2010年 アニメビジネス10大ニュース

【アニメ企業再編:00年代の総括として】

 こうしたビジネスモデルの変化のなか、関連企業はより強い企業体質を目指している。テレコムそして東京ムービー事業を抱える業界大手のアニメ制作会社トムスエンタテインメントが、12月に親会社セガサミーの完全子会社となった。同様にシンエイ動画はテレビ朝日の完全子会社に、ワオ・ワールドは親会社のワオ・コーポに吸収合併される。バンダイナムコグループでは、バンダイビジュアル、サンライズなどの映像事業ユニットとゲーム事業ユニットを統合してビジネスパワーを高めることを目指す。いずれもアニメ制作をより大きな事業のひとつとして統合していく動きである。
 一方で、マーベラスエンターテイメントはアニメ制作子会社アートランドを自社事業から切り離した。AICの株式を保有していた投資ファンドは、パチンコ機器製造のオーイズミに同社の株式を売却した。

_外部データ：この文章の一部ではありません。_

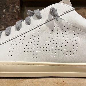 Step up your footwear game with these stylish P448 John sneakers. Featuring a sleek white design with black accents, these shoes offer both comfort and style for any occasion. Leather upper with suede tongue. Soft terry lining. Black rubber sole. Unworn return new without tags. Most items ship next business day.

業界大手のプロダクション I.Gは老舗の竜の子プロダクションに出資し、グループ持ち株会社のIGポートの取締役にOLM社長の奥野敏聡氏を迎える。次世代を見据えたネットワークづくりが、様々なかたちで始まっている。

【新世代の映像がアニメを救う?】

 アニメ制作では、これまで関心の高かったフルCGアニメーション(3DCGアニメーション)に加えて、3D立体視へ注目が高まった。米国の大作映画『アバター』のヒットにより映画分野で3D市場が立ち上がった影響が大きい。
 2010年の国産3D映画は『劇場版 遊戯王』、『劇場版3D あたしンち』などと限られていた。しかし、春の東京国際アニメフェアでは、サンライズの『ヒピラくん』、東映の『プリキュア』、『ガイキング』、ゴンゾの『ラストエグザイル』など数多くの作品が展示され企業側の関心の高さが示されていた。そうした動きが2011年につながる。
 2011年には東映アニメーションによる『トリコ』、『ONE PIECE』の3D映画、プロダクション I.Gによる『攻殻機動隊 S.A.C. Solid State Society 3D』、さらに『豆富小僧』、『もののけ島のナキ』などの劇場映画が公開される。技術的には2Dアニメの3D立体視化を進めるキューテックとグラフィニカが注目される。

【正念場の海外ビジネス】

 海外ビジネスはもう何年も前から厳しい状態が続いてきたが、2010年には特にアニメファン向けのビジネスは縮小しきってしまい、現在は低位安定状態ともいえる状況だ。こうした傾向は欧米地域で顕著だ。米国最大手の日本アニメ会社ファニメーションが、親会社から売却方針を示されたのもこうした市場成長の不足が理由とみられる。
 こうした中で新たな挑戦も始まっている。電通は米国にアニメ・エンタテイメント事業を中心とする電通エンタテイメントUSAを設立し、アニメファンでなく大衆層に向けたアニメビジネス開拓を目指す。セガサミーグループの『爆丸』、ディーライツ・タカラトミーの『メタルファイトベイブレード』も同様だ。実際に米国では『ドラゴンボール改』、『NARUTO 疾風伝』など、マス向けの日本アニメの放送はむしろ増加傾向にある。海外の大衆市場の喰いこみには、現地でのプロモーションパワー、流通確保などが必要となる。そのための手段として国際共同製作がますます注目されている。
 一方で、アニプレックスUSAが2010年に北米で小規模なDVD発売事業をスタートし、日系企業NISアメリカも新たに北米アニメDVD市場に参入した。小さなアニメファン市場を前提に、新たにアニメファンを育てるという長期的な視点も生まれている。

 明るいニュースは、商業アニメーションとはやや異なるが、2010年に初めて修了生を送り出した東京藝術大学大学院映像研究科アニメーション専攻の躍進だろう。同校出身クリエイターの作品が国内外のア二メーションフェスティバル・コンテストを席巻し、ザグレブとオタワの2つのアニメーション映画祭ではベストアニメーション校として表彰を受けた。
 東京藝大の活躍は日本のクリエイターには世界でわたり合える力があり、海外に出て行く仕組みさえあればそれが発揮されることを示していると言えないだろうか。